L’institut culturel franco-germano-luxembourgeois Pierre Werner, inauguré le 13 octobre 2003 par les trois ministres des affaires étrangères des pays concernés, est devenu en juin 2006 l’institut culturel européen Pierre Werner. Il consacre l’essentiel de ses activités de recherche et de réflexion aux thèmes européens.

Autres types de coopération

Notre coopération transfrontalière, qui tient une place importante dans les relations franco-luxembourgeoises, s’appuie sur plusieurs instruments : accord « Sar-Lor-Lux-Trèves-Palatinat », accord de Karlsruhe, Grande Région créée à l’initiative de M. Juncker et Commission intergouvernementale franco-luxembourgeoise pour le renforcement de la coopération transfrontalière (CIG). La CIG, qui s’est réunie pour la première fois en 2011 au Luxembourg, associe tous les acteurs de la coopération transfrontalière (ministres, préfet, élus locaux notamment). La cinquième réunion de la CIG a eu lieu le 21 novembre 2016 au Luxembourg sous la présidence du secrétaire d’Etat chargé des affaires européennes, Harlem Désir, et de la ministre luxembourgeoise de la famille, de l’intégration et à la Grande Région, Corinne Cahen. A cette occasion, un accord-cadre de coopération sanitaire a été signé, constituant la base juridique pour permettre la signature de conventions locales de coopération dans la perspective d’assurer un meilleur accès à des soins de qualité pour les populations de la zone frontalière, de favoriser la continuité des soins et l’information sur le parcours de soins, tout en optimisant l’organisation de l’offre de soins. Des conventions touchant aux soins médicaux, aux coopérations hospitalières ainsi qu’aux transports médicalisés pourront être mises en œuvre.
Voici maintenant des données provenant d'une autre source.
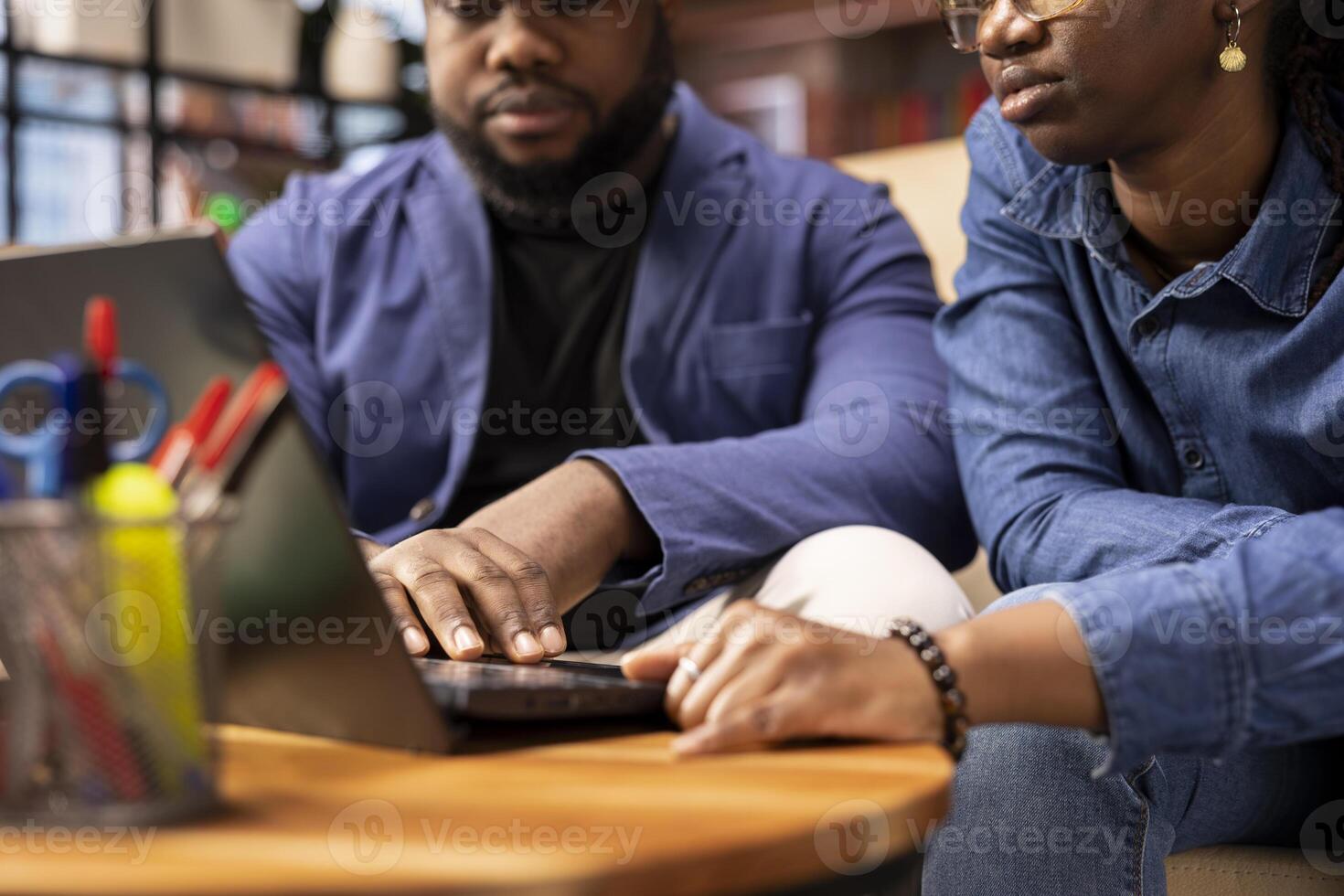 Young remote workers in their living room collaborate on a project, using teamwork and digital online tools to enhance efficiency and productivity. Solving freelancing tasks at the coffee table. Pro Photo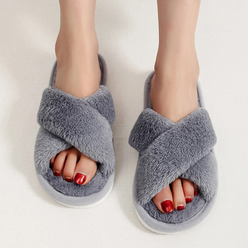 Den korsade designen av mjuk fuskpäls ger inte bara ett elegant utseende utan också en extra känsla av lyx. Den vadderade sulan erbjuder optimal stötdämpning, vilket gör varje steg lika bekvämt som det första. Halkfria sulor ger stabilitet på alla underlag, medan den öppna tådesignen låter dina fötter andas.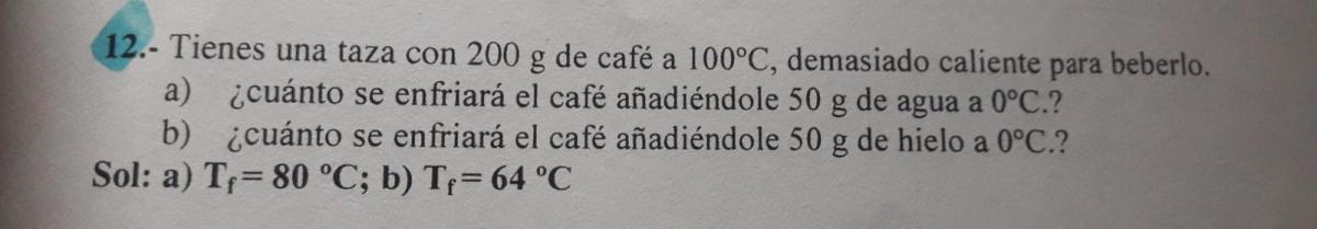 En un calorímetro se ponen en contacto térmico un bloque de hielo de 100g y 350gde agua líquida a 50°C. Sabiendo que la temperatura final de equilibrio del conjunto es de 20°C. ¿Cuál era la temperatura inicial del bloque de hielo?

Compte tenu de la proximité de la centrale de Cattenom avec le Grand-Duché, notre coopération en matière de sécurité et de sûreté nucléaire est très dense. Elle s’effectue notamment à travers les réunions de la commission mixte sur la sécurité nucléaire, créée en 1994, et l’association d’experts luxembourgeois et allemands aux examens de sécurité opérés dans la centrale. La volonté d’obtenir la fermeture de la centrale nucléaire fait consensus au Grand-Duché et l’accord de coalition prévoit que « le Luxembourg poursuivra les démarches auprès des autorités françaises et belges dans le but de la fermeture des centrales de Cattenom et de Tihange ».
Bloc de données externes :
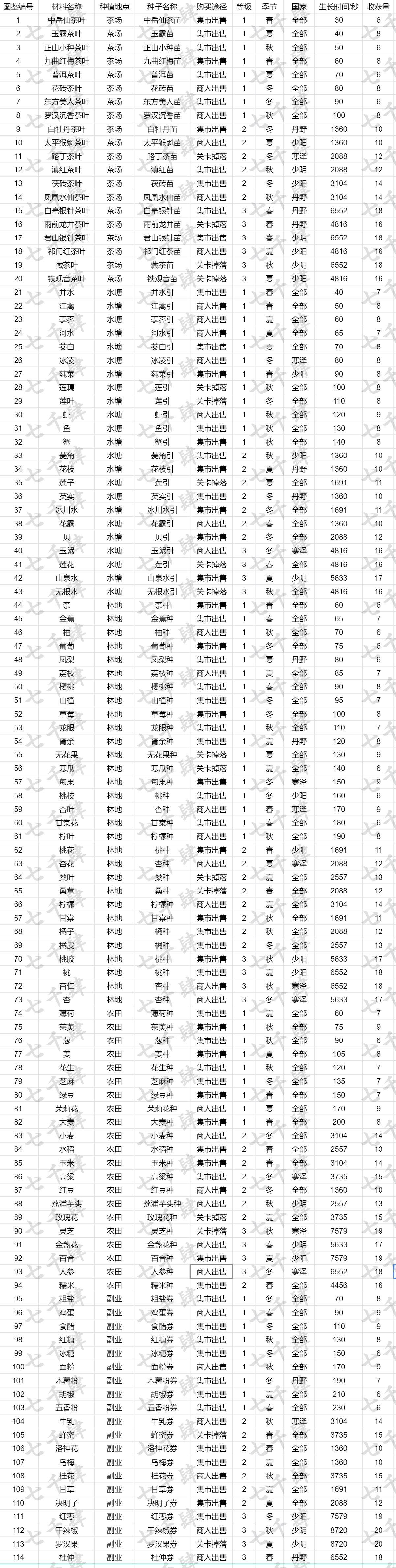 6、长图预警:先放汇总版,然后按照产地放分类版,最后还有个带描述的版本,欢迎大家发掘游戏中的小知识和小彩蛋~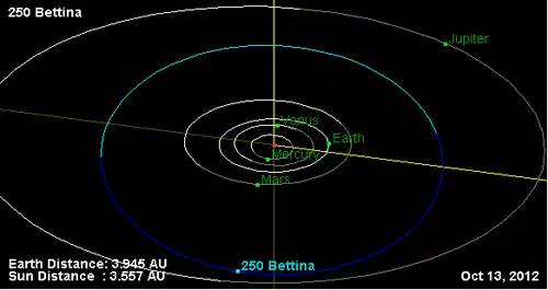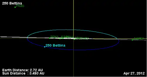 - Орбита астероида Беттина и его положение в Солнечной системе

Dans le domaine de la sécurité, un accord bilatéral franco-luxembourgeois de coopération policière et douanière a été signé le 15 octobre 2001 à Luxembourg. Ce texte instaure un droit de poursuite et porte création d’un « centre commun » à Luxembourg, fonctionnant comme un service d’échange d’informations et de coordination. Ce centre commun de police et de douane, mis en place en janvier 2003, a été fusionné avec le bureau de coopération policière belgo-germano-luxembourgeoise pour créer une structure quadripartite originale. Une convention de coopération douanière franco – luxembourgeoise relative aux contrôles conjoints au poste frontière à Dudelange-Zoufftgen Autoroute a également été signée le 26 janvier 2016 à Luxembourg, et amendée lors de la dernière CIG afin de permettre l’utilisation du système de camion-scanner pour le scan des véhicules transitant par la frontière à Dudelange-Zoufftgen Autoroute.